How much money you lose when you skip class

As Ohio University instructional fees saw gradual upticks in recent years, the cost of missing a class also increased for students.

The cost per class varies depending on a range of factors: a student’s tuition, the number of classes per semester, credit hours taken and how many credit hours a class is worth. 

Skipping a three-credit-hour class that occurs three times a week — every Monday, Wednesday and Friday excluding holidays — at OU would cost approximately $25.37 for freshmen, $24.95 for sophomores, $22.63 for juniors and $22.25 for seniors. For a class that occurs twice a week — or Tuesday and Thursday — those prices would rise to $37.15, $36.53, $33.14 and $32.59, respectively. 
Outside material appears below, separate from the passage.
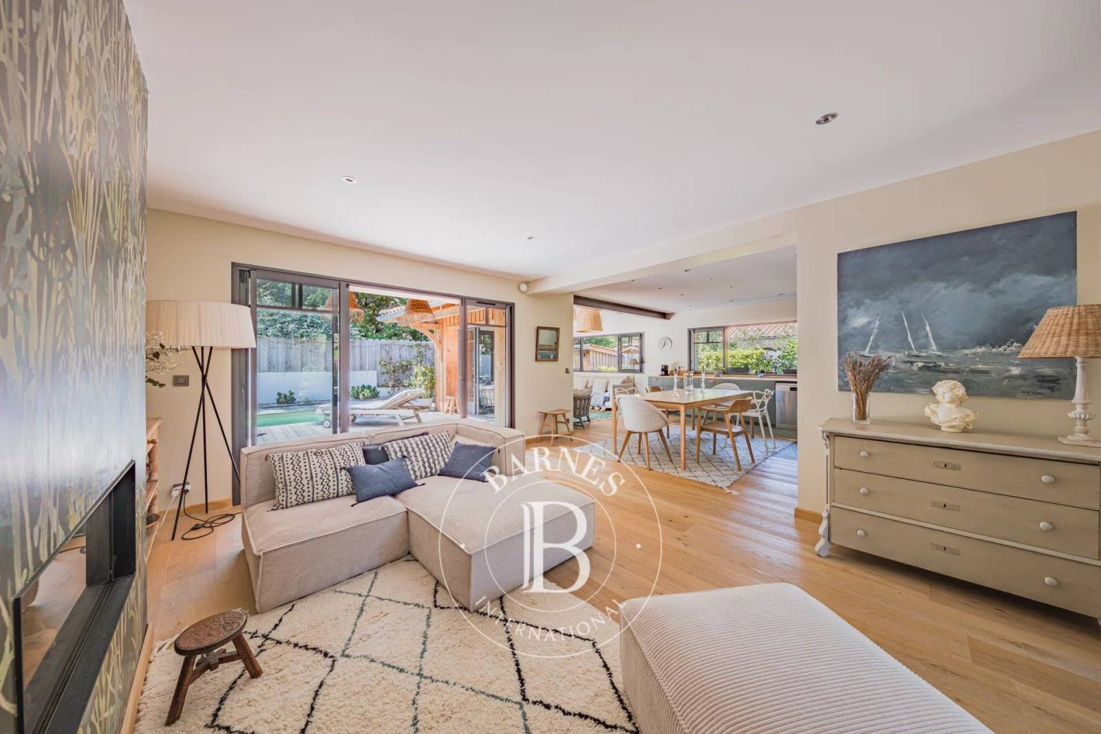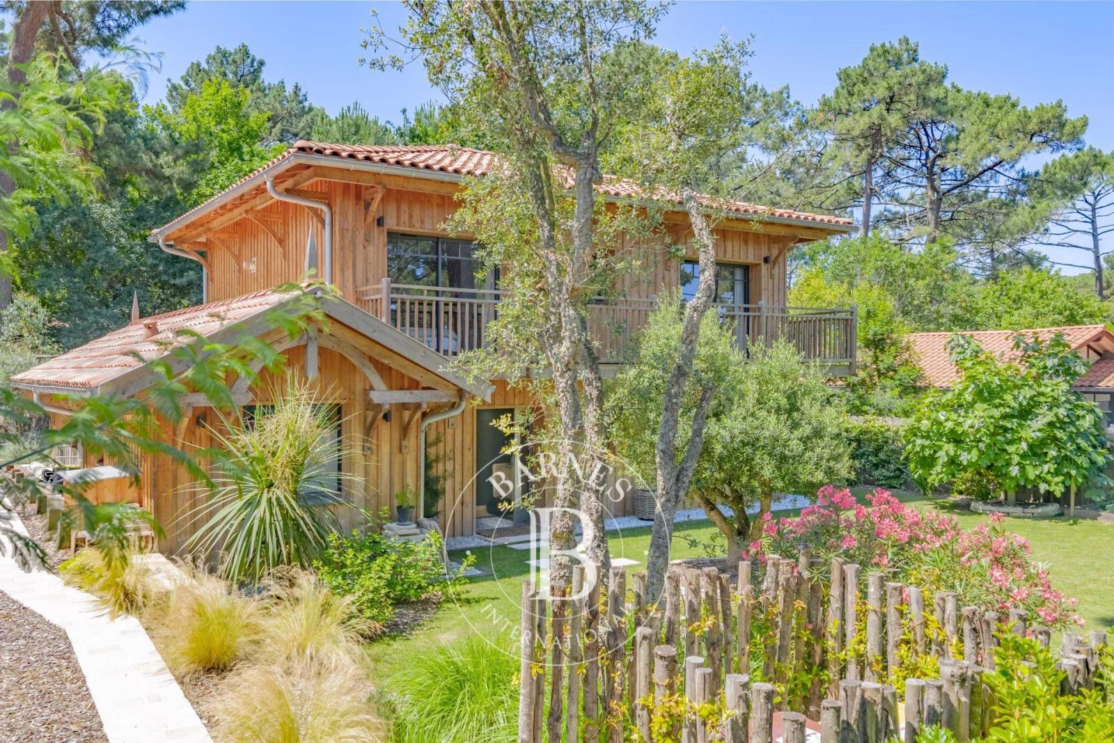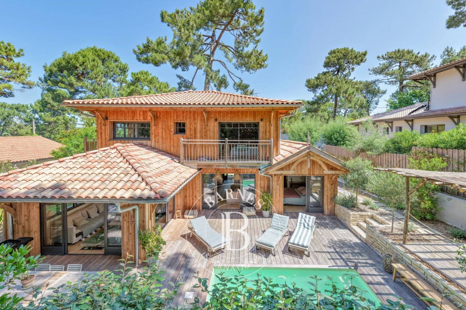 À l’extérieur, la vie s’organise autour d’une vaste terrasse en bois exotique de 160 m² et d’une piscine orientée sud, parfaitement intégrée au jardin paysager et clos. Une pergola en pignots et canisses compose un espace ombragé, idéal pour les repas d’été. Un cabanon vient compléter l’ensemble.

Those costs are based on in-state students taking 15 credit hours, or five classes of three credit hours each. Students can attend a total of 41 Monday, Wednesday and Friday classes and 28 Tuesday and Thursday classes during Spring Semester. Tuition from each semester includes the instructional fee but not the OU general fee.
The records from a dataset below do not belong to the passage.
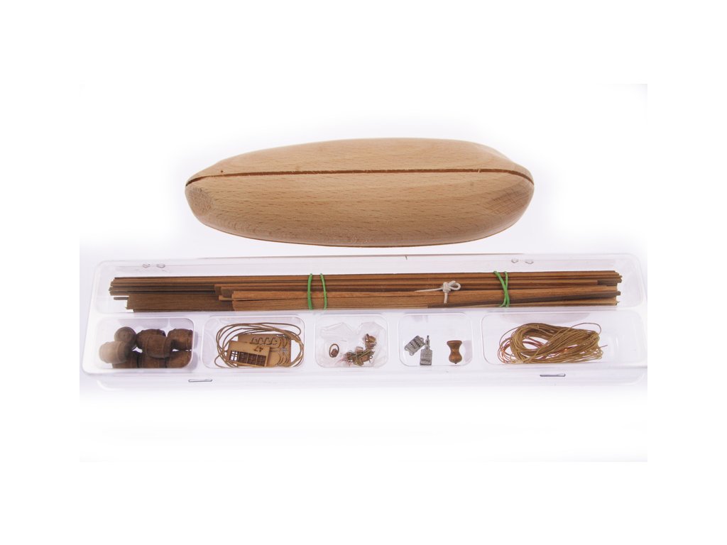 Balení obsahuje hotový polotovar trupu, překližkové díly, dřevěné lišty, blistr s drobnými díly, sadu výkresů a návod.
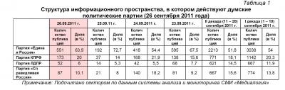 Контент-анализ публикаций СМИ с помощью системы «Медиалогия» позволил выявить следующую структуру информационного пространства, в котором действуют думские политические партии (таблица 1).
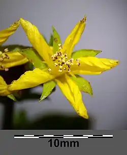 Die zwittrigen Blüten sind, radiärsymmetrisch und in der Regel fünfzählig, allerdings kommen auch vierzählige Blüten vor, mit doppelter Blütenhülle. Die meist fünf, manchmal vier Kelchblätter sind bei einer Länge von bis zu 5 Millimetern lanzettlich mit spitzen oberen Enden.[1] Die meist fünf, manchmal vier hellgelben Kronblätter sind nur 5 bis 8 Millimeter lang[2] und haben am Rand nur wenige (keine bis vier Stück) schwarze punkt- oder strichförmige Drüsen. Es sind 30 bis 40 Staubblätter vorhanden.
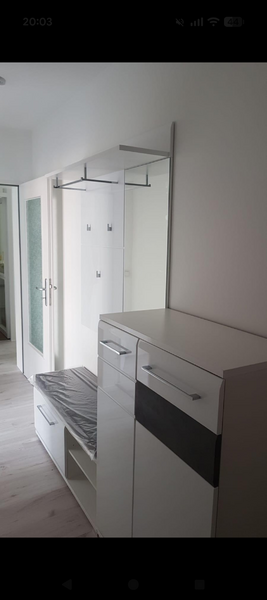Liebe Interessent/Innen, ich biete eine sehr gut erhaltene 3-teilige Garderobenwand bestehend aus einem Garderobenpanel, einer Bank, sowie einem Schuhschrank in weiß (Hochglanz). Das Garderobenpanel hat die Maße BHT: 110cm, 123cm, 28cm Die Bank BHT 110cm, 46 cm, 38cm Der Schuhschrank BHT 80cm, 113 cm, 38cm Der Neuwert lag bei 523€ und würde sie für 150€ VB verkaufen. Bitte Selbstabholung in Findorff. Alles ist wirklich sehr gut erhalten.
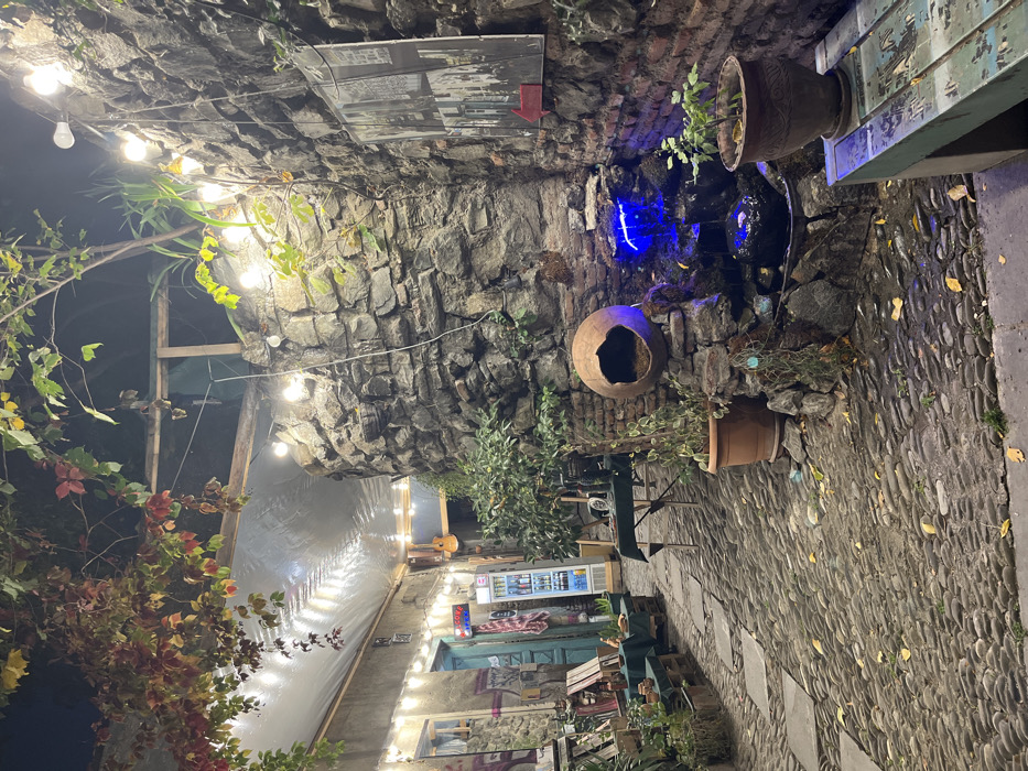 The image displays an illuminated outdoor alleyway or courtyard in Tbilisi, Georgia, captured at night. The ground consists of a cobblestone pathway, interspersed with rectangular flat pavers, and lightly scattered with yellow leaves. On the right side of the alley, a tall, rugged wall constructed from large, irregular stones and sections of red brick rises vertically. Numerous warm-toned string lights are strung across this stone wall. A large, framed black-and-white photograph or poster is mounted high on the upper right section of this wall, and directly below it, a red arrow sign points left. Beneath the arrow, a small, multi-tiered water feature is integrated into the stonework, surrounded by natural rocks and a small potted plant; it emits a distinct blue luminescence. To the left of the water feature, a large earthenware sphere, approximately 60cm in diameter with a prominent circular opening, rests on a stone base. Another potted plant sits on the ground to its left, adjacent to a weathered green and blue tiled bench visible in the lower right foreground. On the left side of the alley, a lighter-colored wall, appearing to be plastered, runs parallel to the stone wall, also adorned with string lights. Various items, possibly crafts or merchandise, are displayed along this wall on wooden pallets or crates arranged as display stands. Further down the alley on the left, a light blue wooden door is visible. A tall, white commercial refrigerator with a glass front, stocked with multiple bottled beverages, is positioned beyond the display stands. A foldable table with a dark green tablecloth is situated in the mid-ground, slightly left of the center. Overhead, a translucent white tarp or roof structure partially covers the alley, beneath which additional string lights are suspended. Autumnal foliage with red and green leaves hangs into the upper frame from natural growth, partially obscuring the dark night sky. A musical instrument, possibly a guitar, is seen hanging on a distant wall. No individuals are present within the depicted scene.

Alli Benedetti, a freshman studying athletic training, said she skips class — usually one that is a prerequisite — approximately once a month to study for another class.

“It’s so expensive to go to school, and you pay for every single class that you have. You might as well just go to it,” Benedetti said.

Of the six Mid-American Conference universities in Ohio, OU has the second highest cost per class skipped, and Miami University has the highest. Those two universities also had the highest tuition costs for the 2016-17 academic year.

Arthur Trese, an associate professor of environmental and plant biology, taught a second-tier natural science class with about 250 students last semester. He said attendance in the class is good before the first test, but after that it begins to drop, and as many as 30 percent of students don’t attend on “a really bad day.”

To hold students accountable for attendance, Trese randomly assigns eight in-class “pop-assignments” throughout the semester.

“Education is the only product where people want the smallest amount for what they pay for,” Trese said.

Terry Eiler is a professor emeritus who taught introduction to studies in visual communication, a class of “usually over 200 students,” last semester. Students are allowed to miss six of the 27 days the class meets before automatically failing.

“In my really large class, until we take the first test, there’s very good attendance. After (that), it goes down a little,” Eiler said. "In the second half of the semester, it goes down even more."

Eiler said four students failed the class for breaking attendance policy in fall 2016.

“I give them a reasonable number of class misses in case something happens. People get colds, family emergencies come up, things happen,” Eiler said. “Class is like a job. You only get paid if you show up.”

Megan Ryan, a senior studying marketing, said she skipped class as a freshman but doesn’t anymore.

“By the time you’re a senior or a junior, you probably shouldn’t be missing class too much. (It’s OK) for some of the (classes) that may be easier … or if you’re not feeling well,” Ryan said. “(As long as) you’re not doing it all the time. It’s definitely not a good habit.”

Jennifer Howell, an assistant professor of psychology, taught a "mega-section" of introductory psychology with about 400 students in the fall. She allows students four absences.

Howell uses clickers in class and has students report their seat numbers. She said she can’t prevent students from “gaming the system,” but knows of absences when two submissions include the same seat number or when a student doesn’t submit both a seat number and answers to questions.

Despite tracking attendance, Howell said she tries to maintain a fair policy. She said when Bill Clinton visited OU's campus in the fall, she canceled a graduate class she was teaching on the agreement the following class would be extended by 30 minutes.

“If (students) have a really enriching opportunity, I want them to skip my class. I want them to feel like they can,” Howell said. “If they have a chance to go do something really awesome with their lives, great, go do it. Sometimes that’s more important than sitting through my lectures.”